What you will do
Once the line holding "Одна шляпа, два" is found in the entries below, restate it and each line after it word for word, with no pictures.

Material provided
++++++

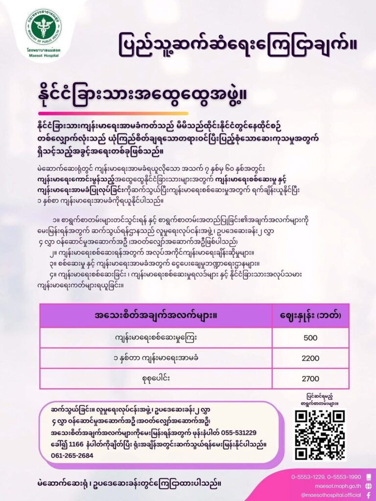Foreigners’ General Information The Foreign Health Insurance Card is an essential right for foreigners residing in Thailand, ensuring access to reliable, legal, and comprehensive medical services throughout their stay in the country. At Mae Sot Hospital, general foreigners aged 7 to 60 years who are in good health and wish to obtain health insurance may contact the hospital […]
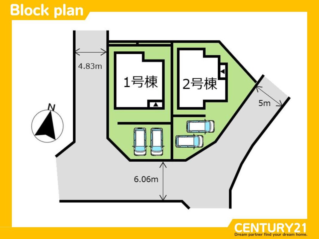 | 駐車場 | 有 カースペース2台可 | 道路の幅員 | 1号棟 角地 西 4.83m 南 6.06m、2号棟 角地 東 5.0m 南 6.06m |
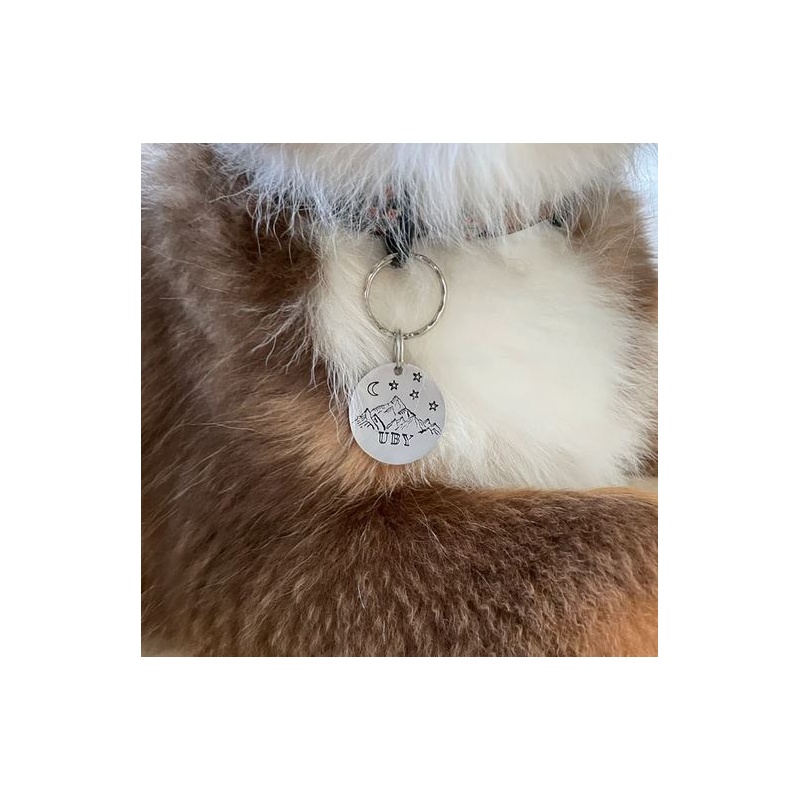 La médaille est livrée avec son anneau pour être directement accrochée au collier de votre animal.
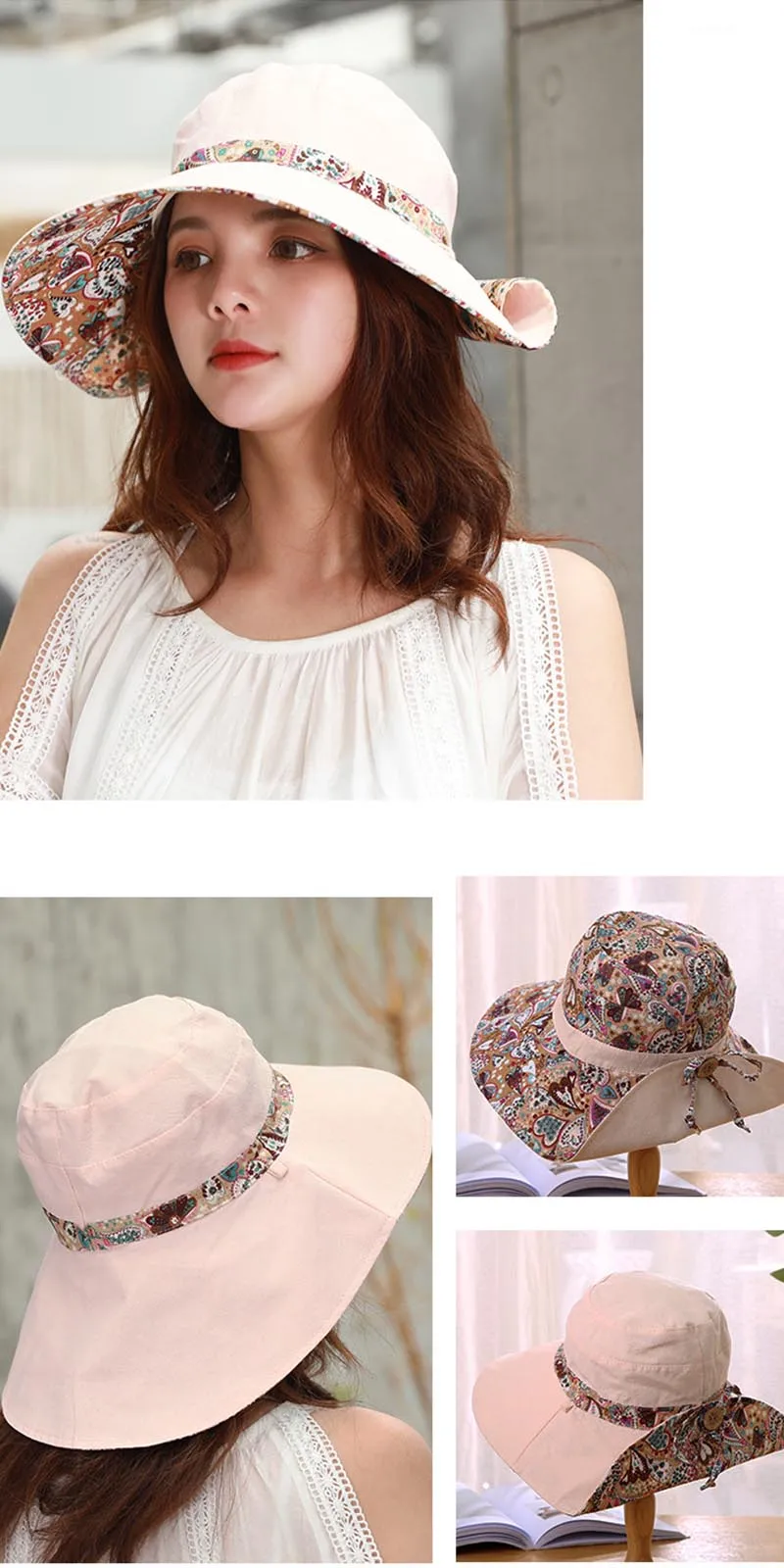 Одна шляпа, два способа ношения, хлопчатобумажная лента, бант, женские весенне-летние солнцезащитные шляпы для взрослых, повседневные складные женские пляжные кепки с широкими полями
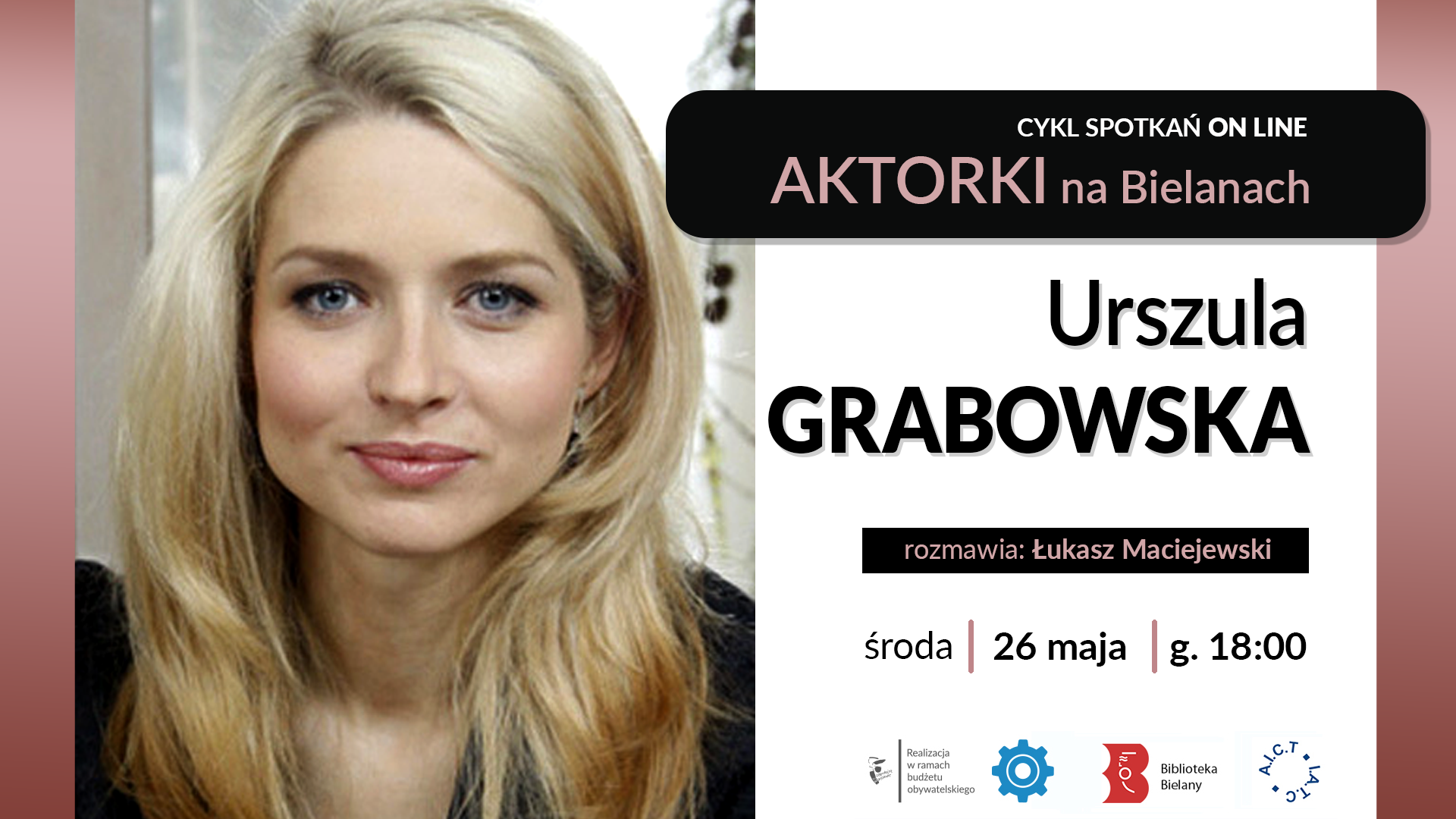 Serdecznie zapraszamy na godzinę 18:00, na spotkanie online z aktorką Urszulą Grabowską w ramach projektu “Aktorki na Bielanach”. Spotkanie poprowadzi Łukasz Maciejewski – krytyk filmowy i teatralny.

++++++

Solution to the exercise
 Одна шляпа, два способа ношения, хлопчатобумажная лента, бант, женские весенне-летние солнцезащитные шляпы для взрослых, повседневные складные женские пляжные кепки с широкими полями
 Serdecznie zapraszamy na godzinę 18:00, na spotkanie online z aktorką Urszulą Grabowską w ramach projektu “Aktorki na Bielanach”. Spotkanie poprowadzi Łukasz Maciejewski – krytyk filmowy i teatralny.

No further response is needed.